What to do →
Repeat every entry word for word; omit all pictures.

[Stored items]

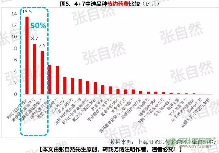 25個中選品種在4+7招標(biāo)之前的市場規(guī)模約為78億元,招標(biāo)后則降為19億元左右,從而節(jié)約藥費支出約59億元,其中,阿托伐他汀鈣片、苯磺酸氨氯地平片、硫酸氫氯吡格雷片等3個品種節(jié)約的藥費支出即占總節(jié)約費用的近50%,分別為13.5億元、8.7億元和7.5億元。
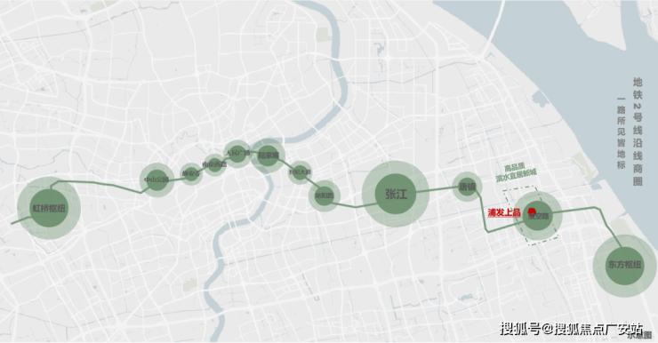 展开地图不难发现,整个上海的核心交通枢纽(虹桥+浦东机场),顶级商务CBD(南京路、陆家嘴、人广、静安寺等),和高尚住宅区(西郊、碧云、唐镇)全部都被2号线串联起来。
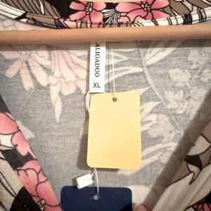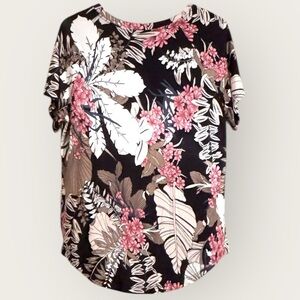 ALIGADUO Floral Tropical Print Blouse Black Pink Brown Short Sleeve Top XL
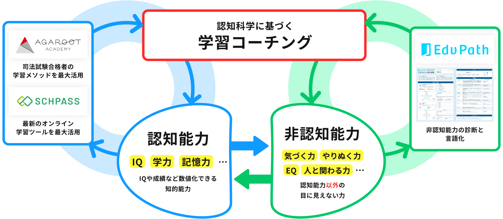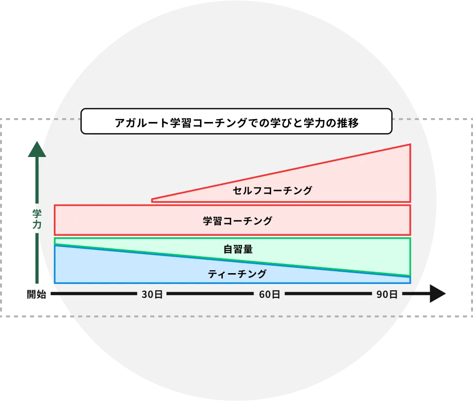 アガルート学習コーチングは、このコーチングを、小学生から高校生・既卒生を対象とした、学習用プログラムにカスタマイズしたアガルート独自の指導メソッドを活用したサービスです。
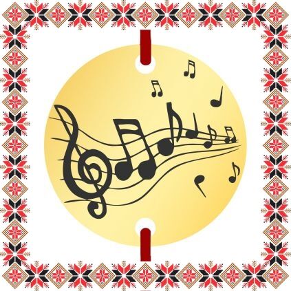 Martisor ambalat pe suport de carton de culoare bej in forma de costum popular romanesc cu motive traditionale. Plic de hartie imprimat cu motive traditionale romanesti CADOU!

Written response →
 25個中選品種在4+7招標(biāo)之前的市場規(guī)模約為78億元,招標(biāo)后則降為19億元左右,從而節(jié)約藥費支出約59億元,其中,阿托伐他汀鈣片、苯磺酸氨氯地平片、硫酸氫氯吡格雷片等3個品種節(jié)約的藥費支出即占總節(jié)約費用的近50%,分別為13.5億元、8.7億元和7.5億元。
 展开地图不难发现,整个上海的核心交通枢纽(虹桥+浦东机场),顶级商务CBD(南京路、陆家嘴、人广、静安寺等),和高尚住宅区(西郊、碧云、唐镇)全部都被2号线串联起来。
 ALIGADUO Floral Tropical Print Blouse Black Pink Brown Short Sleeve Top XL
 アガルート学習コーチングは、このコーチングを、小学生から高校生・既卒生を対象とした、学習用プログラムにカスタマイズしたアガルート独自の指導メソッドを活用したサービスです。
 Martisor ambalat pe suport de carton de culoare bej in forma de costum popular romanesc cu motive traditionale. Plic de hartie imprimat cu motive traditionale romanesti CADOU!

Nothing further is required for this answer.